Lite commentary
The peace offering was a slaughtered sacrifice associated with covenant fellowship, wholeness, thanksgiving, and well-being before the Lord. The Hebrew term shelamim does not refer merely to inward calm; it points to covenant well-being and fellowship with God. The worshiper could bring an animal from the herd or flock—cattle, sheep, or goat. The animal could be male or female, but it had to be flawless. What was brought near to God had to be fitting, complete, and acceptable.
The chapter repeats the same basic pattern for cattle, sheep, and goats, and that repetition matters. Israel was not free to invent its own way of worship. The worshiper laid his hand on the animal’s head, identifying with it and presenting it to the Lord, and then slaughtered it at the entrance of the Meeting Tent. Aaron’s sons, the priests, splashed the blood against the sides of the altar. Blood was treated as sacred because it represented life, and life belongs to God.
Only certain parts were burned on the altar: the fat around the inward parts, the kidneys, the lobe of the liver, and, in the case of a sheep, the fatty tail. These were the choice inward portions, and they were given to the Lord as his portion. When the text calls this a “food gift” or a “soothing aroma,” it does not mean that God needs food. This is covenant language for an offering God receives according to his own command. Unlike the burnt offering, the whole animal was not burned; later instructions show that parts of the peace offering could be shared by priests and worshipers. Here, however, the focus falls on what belongs to the Lord: the blood is placed at the altar, and the fat is burned to him.
The chapter ends by carrying this lesson into Israel’s ordinary life: they must not eat fat or blood in any of their dwellings. This was a perpetual statute for Israel under the Mosaic covenant. The command was not a mere food preference. It taught Israel that the best portions and the life represented by blood were holy to the Lord. Even daily eating had to be shaped by covenant reverence.
Christians should not turn this passage into a command to reproduce Israel’s sacrifices, nor should they detach it from the tabernacle system and treat it as a general dietary rule. Its ritual details belonged to Israel’s worship under the Mosaic covenant. Yet the passage still teaches enduring truth: God determines how sinners may draw near, life is sacred, worship must be reverent, and what belongs to the Lord must not be treated as common.
Key truths
- The peace offering expressed covenant fellowship, well-being, and gratitude before the Lord.
- The term shelamim points to covenant wholeness and fellowship, not merely private inner peace.
- Acceptable worship was governed by God’s revealed instructions, not by human preference.
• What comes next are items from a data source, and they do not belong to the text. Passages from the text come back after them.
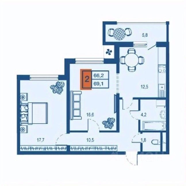Номер объекта: 542145. Продаю уютную 2-комнатную квартиру на 9 этаже 21-этажного дома. Общая площадь составляет 69,10 кв.м. Комнаты 17,7м. и 16,6м. изолированы, кухня 12,5м. с выходом на балкон, квартира подходит для проживания семьи. Этот вариант идеально подойдет тем, кому важен комфорт и удобство.
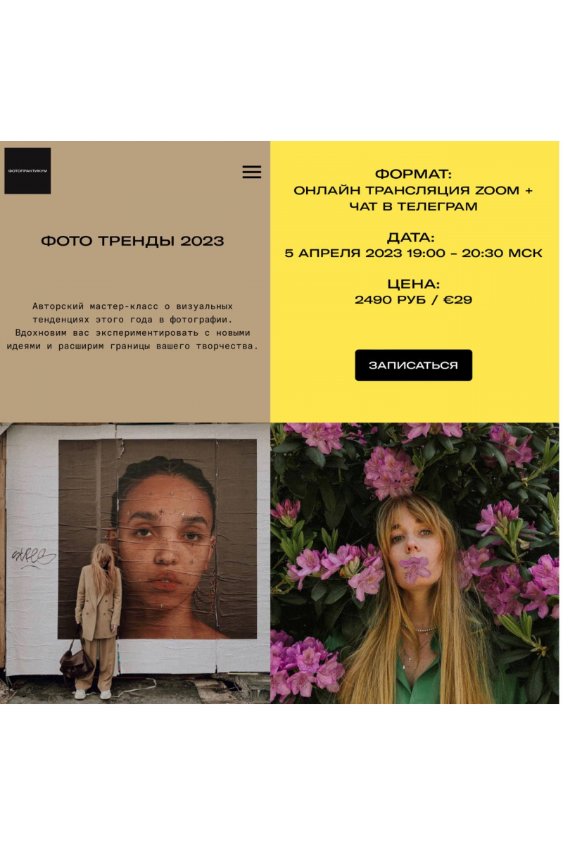 Авторский мастер-класс о визуальных тенденциях этого года в фотографии. Вдохновит вас экспериментировать с новыми идеями и расширит границы вашего творчества.
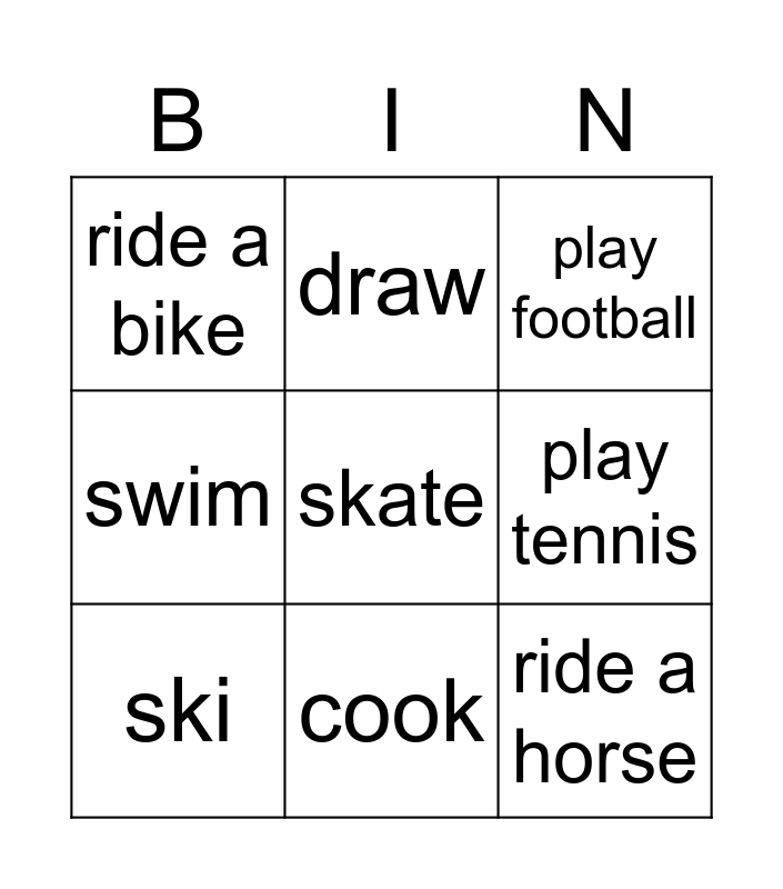 This bingo card has a free space and 11 words: climb a tree, cook, ride a horse, ski, draw, play football, play tennis, play the guitar, swim, ride a bike and play the piano.
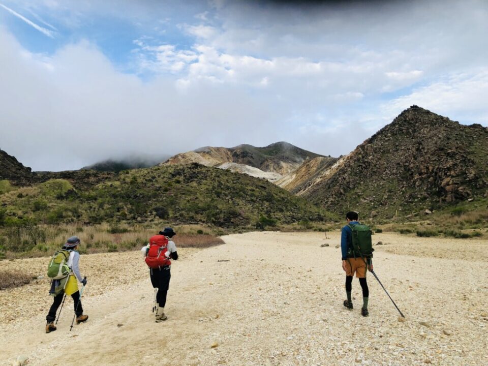 5月29日 法華院温泉でお湯、水、お茶は補給放題。下山地の牧の戸峠から長者原登山口までの移動に11時2分のバスに乗るため、朝食はお弁当にしてもらい5時半出発。強風の北千里ヶ浜を通り、右手に硫黄岳を眺めつつ久住分れへ向かう。

- The flawless animal showed that offerings brought to God had to be fitting and complete.
- Blood was sacred because it represented life, which belongs to God.
- The fat portions, the choicest parts of the animal, were reserved for the Lord.
- Fellowship with God was not casual; it was ordered by sacrifice, priestly mediation, and holiness.
Warnings, promises, and commands
- Bring a flawless animal from the herd or flock for the peace offering.
- Lay a hand on the animal’s head and slaughter it before the Meeting Tent.
- The priests must splash the blood against the sides of the altar.
- The specified fat portions must be burned to the Lord on the altar.
- All the fat belongs to the Lord.
- Israel must never eat fat or blood in any of their dwellings throughout their generations.
Biblical theology
This law belongs to Israel’s Mosaic covenant worship at the tabernacle, where the holy Lord lived among his redeemed people and regulated their access to him. The peace offering was part of the sacrificial system that supported covenant fellowship, holiness, and worship before God, though this chapter emphasizes fellowship and the Lord’s reserved portion more than expiation. In the larger canon, these sacrifices prepare for the fuller work of Christ, whose once-for-all sacrifice secures true peace and access to God without erasing the original meaning of Israel’s tabernacle law.
Reflection and application
- Interpretation: Israel had to approach God through the sacrifice, altar, and priesthood he appointed. Application: believers today should worship God according to his Word, not according to self-made religion.
- Interpretation: the fat and blood were forbidden to Israel because they belonged to the Lord in the sacrificial system. Application: we should treat what God calls holy with reverence, not as common or disposable.
- Interpretation: the peace offering celebrated fellowship with God through sacrificial provision. Application: Christians should receive peace with God as a gift secured by Christ, not as something achieved by casual sincerity or human effort.
- Interpretation: this passage is Mosaic covenant legislation, not a direct command for the church to offer animals or reproduce the ritual. Application: we apply its principles—reverence, gratitude, holiness, and honoring God with what is best—through the fulfillment God has given in Christ.